L’analyse du contenu des entretiens a été guidée par la volonté de favoriser une analyse entretien par entretien et une analyse transversale. J’avais à saisir la spécificité des pratiques et discours énoncés par chaque enquêté et à les situer plus largement dans la configuration des relations entre les habitants.

Il apparaissait ainsi particulièrement important d’extraire, de recenser et de classer de façon méthodique les informations recueillies par entretiens.

Chaque entretien a donné lieu à la rédaction d’une série de fiches référencées. A chaque fiche correspondait un thème relativement général : le rapport à l’enquête, les circonstances d’arrivée dans la résidence, les relations entretenues avec le responsable, la structure du réseau de relations, la trajectoire résidentielle, la fréquentation des services, les catégories de perceptions associées aux habitants, etc. Les thèmes étaient identifiés selon leur pertinence par rapport à la problématique, aux hypothèses de travail, ou selon leur intérêt spécifique dans l’entretien. Ils pouvaient être proches de ceux apparaissant dans la grille d’entretien (l’utilisation des services) comme plus explicatifs (analyse de la trajectoire résidentielle). Ces fiches étaient classées, pour chaque entretien, en fonction de l’ordre d’apparition du thème. Tout fragment de discours portant une signification ou éclairant le rapport de l’enquêté au thème en question était noté et commenté. Etaient détaillées les informations les plus manifestes (par exemple les déclarations de pratiques) comme les plus dissimulées (processus et contexte de l’énonciation, figures de styles notamment). Il était précisé également à quelle page de l’entretien apparaissait le discours noté. Une même phrase ou extrait d’entretien plus long, pouvait apparaître plusieurs fois, dans différentes fiches, si l’analyse le nécessitait.

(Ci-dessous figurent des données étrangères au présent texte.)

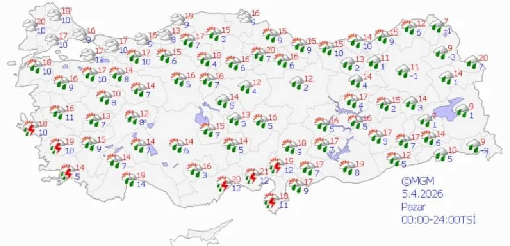 Pazar günü itibarıyla yağışlı bölgelerde azalma öngörülüyor. Ancak İç Anadolu, Ege’nin doğusu, Akdeniz ve Karadeniz’in iç kesimlerinde gök gürültülü sağanak yağışın etkisini sürdürmesi bekleniyor.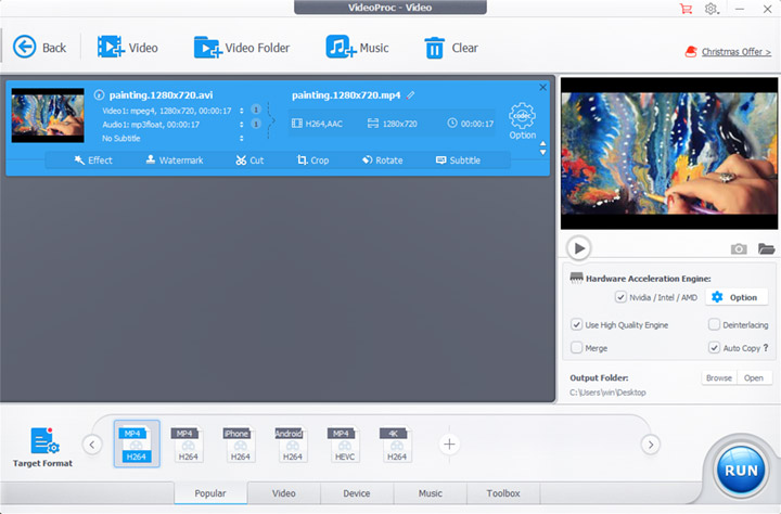 VideoProc Converter AI starts converting your AVI files to MP4 when clicking the RUN button on the main interface. Don't forget to toggle on the Hardware Acceleration and the High Quality Engine options.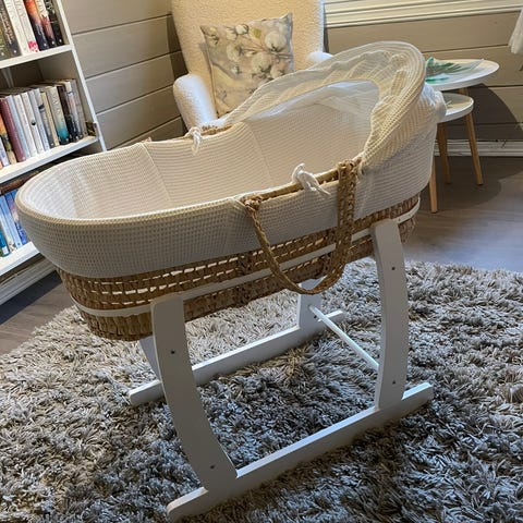 Moseskurv med gyngestativ fra Ahoj Baby selges for 1000kr. Pent brukt.

Cette méthode avait l’avantage de préserver la cohérence singulière de chaque entretien (ordre d’apparition et contexte d’énonciation des thèmes et des fragments de discours connus), et donc de permettre une analyse entretien par entretien : je pouvais rapidement extraire du fichier l’ensemble des fiches concernant tel enquêté. Les citations étant référencées, je pouvais me plonger de nouveau dans le texte de l’entretien, transcrit par ailleurs intégralement.

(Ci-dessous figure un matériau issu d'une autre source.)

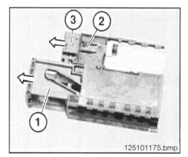 - Remove contact carrier (1) with MQS contacts from radio plug. Raise lock (2) on radio plug. Pull contact carrier (3) out of radio plug (Fig. 22/3).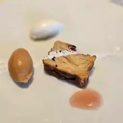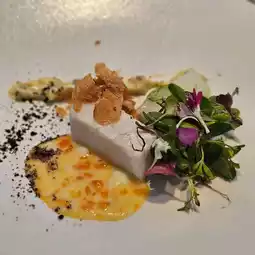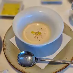 The main dish is roasted pork, and the course includes amuse-bouche, soup, fish appetizer, risotto, dessert, and after-meal drink.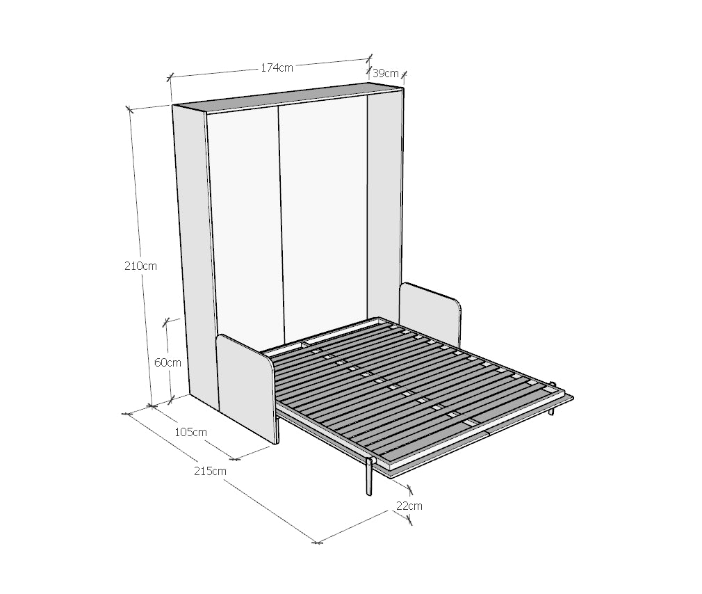 - Dimensioni: Letto chiuso: L.173,6 P.105,2 H.210,5 cm Letto aperto: L.173,6 P.215 H.210,5 cm Altezza rete da terra: 22 cm Altezza massima materasso: 24 cm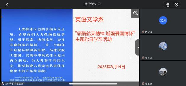 英语文学系党支部召开“领悟航天精神 增强爱国情怀”主题党日活动

Ce mode de classement me permettait aussi d’aborder l’analyse d’une manière plus transversale puisque les thèmes les plus centraux étaient présents d’un entretien à l’autre. J’avais par exemple la possibilité de rassembler l’ensemble des fiches se rapportant à la trajectoire résidentielle des actifs célibataires ou divorcés.

L’analyse des entretiens a également été guidée par la nécessité de se donner les moyens de mettre au jour les aspects implicites, dissimulés, sous-jacents des discours, et cela afin de mieux saisir les représentations des habitants comme de contrôler la validité des discours recueillis sur les pratiques de voisinage. De ce fait, l’analyse thématique a été complétée par une analyse de l’énonciation. J’ai été attentive pour chaque entretien, à la dynamique et à l’organisation des discours, à la façon dont ils se développaient, se construisaient. Les associations de thèmes et de termes dans les différentes séquences de la communication ont été l’objet d’une attention particulière, comme le style de l’énonciation, les éléments atypiques (récurrences, lapsus, jeux de mots, etc.) et les figures de rhétorique.